Even when a correlation between meat consumption and illness is found, the effect can be significant but small. In the December 2007 study, for example, high meat consumption resulted in only a 50% increased risk of developing esophageal cancer — by way of comparison, smoking can increase a person’s risk of developing lung cancer by 1,000% or more.

But to dismiss all risks because of inconsistencies in the research is unreasonable, Willett says. “That’s exactly the same argument used by cigarette manufacturers to say that smoking is not harmful. . . . The perfect study will never be done. The next best thing will be epidemiology.”

Scientists generally agree that lean red meat has a place in a healthful diet — in moderation. Studies showing increased cancer risks have mostly focused on high meat intake; the greatest risk increases are for those eating far more than the USDA-recommended limit of 18 ounces per week.

“One approach is to treat red and processed meat as a treat and not a regular staple,” said Dr. Michael J. Thun, vice president of epidemiology and surveillance research at the American Cancer Society

Moderation, it appears, is not the American way. According to the U.S. Department of Agriculture, in 2006 the average American consumed 95 pounds of beef and 64 pounds of pork — about 7 ounces of red meat a day.

To sidestep some health concerns without giving up steak, some consumers have turned to grass-fed beef, which studies have shown to contain a heart-healthier ratio of omega-3 to omega-6 fatty acids.

Meanwhile, scientists are looking to make beef more healthful via selective breeding.

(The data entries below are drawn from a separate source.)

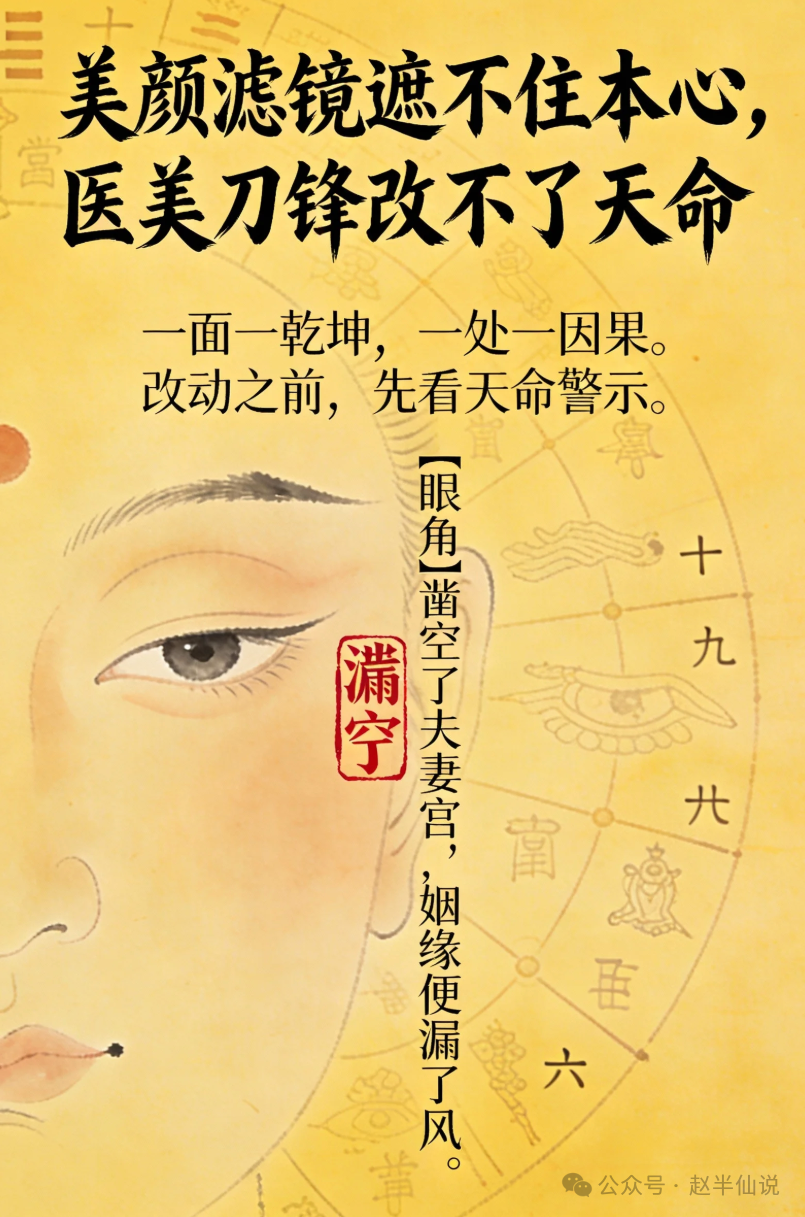 洞一凿开,烂桃花就顺着洞口往里钻,正缘则像沙子一样往外流。婚姻的裂痕,往往就从这改动后的眼角开始,先是日常的冷战不断,再是激烈的争吵不休,最后要么貌合神离、同床异梦,要么干脆分道扬镳、走向离异。更可怕的是,眼尾若是留下疤痕,不仅会影响晚年运势,导致晚年孤苦无依,还容易招惹口舌官司,被是非缠身,不得安宁。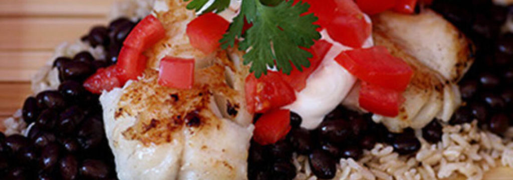 These bite-size tomatoes are filled with briny olives and salty Feta cheese. Great for bar menus or catered hors d’oeuvres. Fish with Black Beans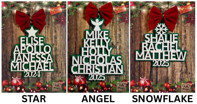 Make your holidays unforgettable with this laser-cut wooden ornament! Celebrate your family with up to 10 custom names, arranged from shortest to longest to naturally create a charming tree silhouette.

The amount of specific nutrients in steaks from two animals of the same breed can vary by a factor of two or three, Beitz says. He and others in a group of researchers known as the National Beef Cattle Evaluation Consortium hope to find genetic markers for a host of nutrients, including omega-3 and other beneficial fats, zinc and vitamins B6 and B12. The research, sponsored by Pfizer Animal Science, would help animal breeders look at animals’ genetic profiles to select ones with the best nutritional composition.

“In a way, we’re trying to allow people to indulge themselves to a greater extent than to moderate,” said James Reecy, an Iowa State geneticist also involved in the project.

The same technique could be used to limit the unhealthy components of meat as well, such as specific saturated fats. Cattle breeders have already begun doing this, Reecy says.

Willett isn’t convinced that these efforts will eradicate the health risks that come from consuming red meat. “You may make it healthier in one way, but you’re unlikely to fix all the problems at the same time,” he says.